執筆は、池澤夏樹、坪井秀人、林圭介、佐藤美希、内山明子、邵丹、管啓次郎、そして編者。
探究の可能性にあふれるこのテーマ〈翻訳と文学〉へ、ようこそ。
一個の作品の内容がすべて作者の意想に由来するかというとそうではあるまい。早い話が、小説というものを一度も読んだことがない者に小説は書けない。和歌を知らぬ者は自分が和歌を詠むということを考えもしないだろう。創作は常に先行するあまたの作品の上に成立するものであり、実はその依存の度は我々がふだん考えているよりずっと大きい。敢えて言えばすべての創作は本歌取りであって、このシステムの全体を伝統と呼ぶのだ。
池澤夏樹「編纂・翻訳・創作」
彼がアルファベット文字の向う側に発見した日本語は、ストラヴィンスキーが試みたような異化作用を更新していく記号ではなく、言葉の自然なアクセントに音が忠実に寄り添うという、〈国語〉としての日本語の真正性を象徴するものとして機能し始めるだろう(……)まさに山田〔耕筰〕は自己オリエンタリズムの過程を歩むことで、日本歌曲を基礎とするナショナルな日本音楽の作者という自己像を発見していく
坪井秀人「ジャポニスム/モダニズムの交差点としての〈和歌歌曲〉」
一人称をめぐる村上春樹的転回は、原典と翻訳の境界を問うているのだ。村上春樹は、日本の読者が世界の読者の眼差しと出会う一人称を作ってきた。「僕」から「ぼく」へ、そして世界文学の「ぼく」へ。
林圭介「五つの「ぼく」たち」
「世界文学全集」は「選集(アンソロジー)」であって、決して世界中の文学作品すべてが収められているわけではない(……)ラインナップのほぼすべてを西洋文学が占める中で、非西洋文学からはどのような作品が選択され、その選択は読者にどのように説明されたのだろうか。
佐藤美希「「世界文学全集」の西洋と非西洋」
雨村編集長時代に紹介された翻訳探偵小説には、「探偵」が登場しない作品も多い。いわゆる探偵小説にとどまらず、怪奇小説、冒険小説、ユーモア小説を含めさまざまな「探偵小説」が掲載された(……)『新青年』の文学的展開に道筋をつけたのが『新青年』誌上に掲載されたさまざまな翻訳探偵小説だ。
内山明子「『新青年』の文学的展開」
ヴォネガット文学の翻訳受容の経緯をたどってみると、半世紀以上にもわたるこの歴史的な過程が既存の日本社会の文化的な秩序に大きな揺さぶりをかけてしまったことが分かる(……)日本でSFが豊かな文芸ジャンルとして成長していくにつれ、ヴォネガットの作品群もまた、次第に日本の文学空間に取り込まれていったのである。
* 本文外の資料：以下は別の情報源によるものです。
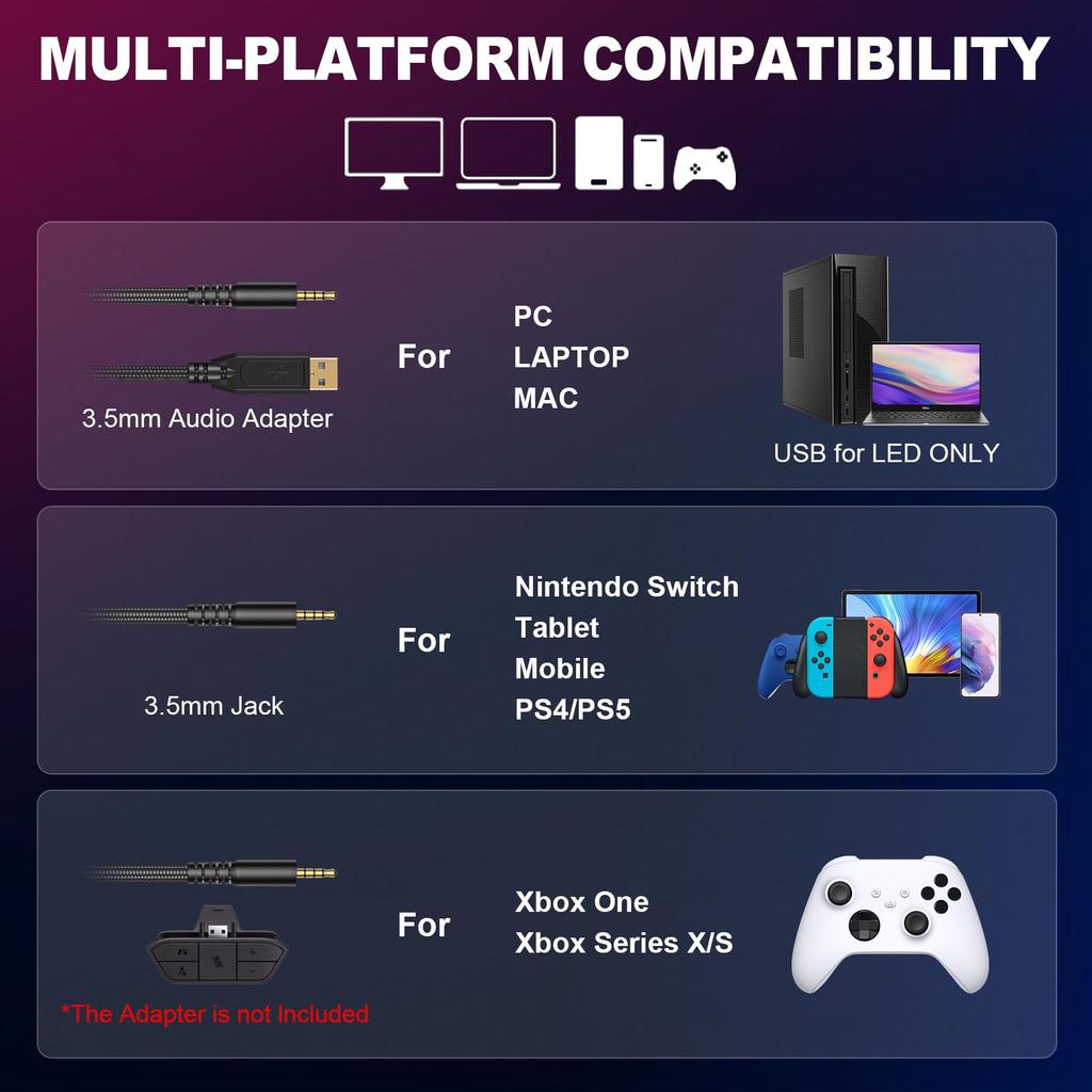 🎧【Профессиональный и удобный дизайн】Игровая гарнитура Krysenix сочетает в себе продуманный дизайн, стильную форму и яркую RGB-подсветку.. Идеальный подарок на Рождество или день рождения для мальчиков и девочек, семьи и друзей.. (уведомление: Для активации RGB-подсветку на наушниках необходимо подключить к USB-порту.)

邵丹「Welcome to the Monkey House」
慣れ親しんだはずの、生まれ育った場にいるはずが、いつの間にか「異質」者扱いを受ける。その時、人はどのように現実を受けとめるのだろうか。自己は揺らいでいくのだろうか。よくわからない混沌とした状況を理解しようとする過程の中で、翻訳という行為をせざるを得ないのではないだろうか。
佐藤=ロスベアグ・ナナ「証しの空文」
口承伝統と書字伝統を問わず、制作を全面的にとりかこむ環境としての、選ばれた創作言語の海の中に、小さな島か岩を確保するようにして、われわれは自分の制作のための言語資源を準備する。さらにあらゆる言語資源は、それに対応する実在物の宇宙につなぎとめられる形象であり、実在物と現象の布陣の中には、まだ言語化されないもの(=翻訳・造形を待っているもの)がいくらでもある。この、基本的には無限の可能性の中を進みつつ、われわれの意識は詩として造形しうるものへの翻訳素材を探し求めているわけだ。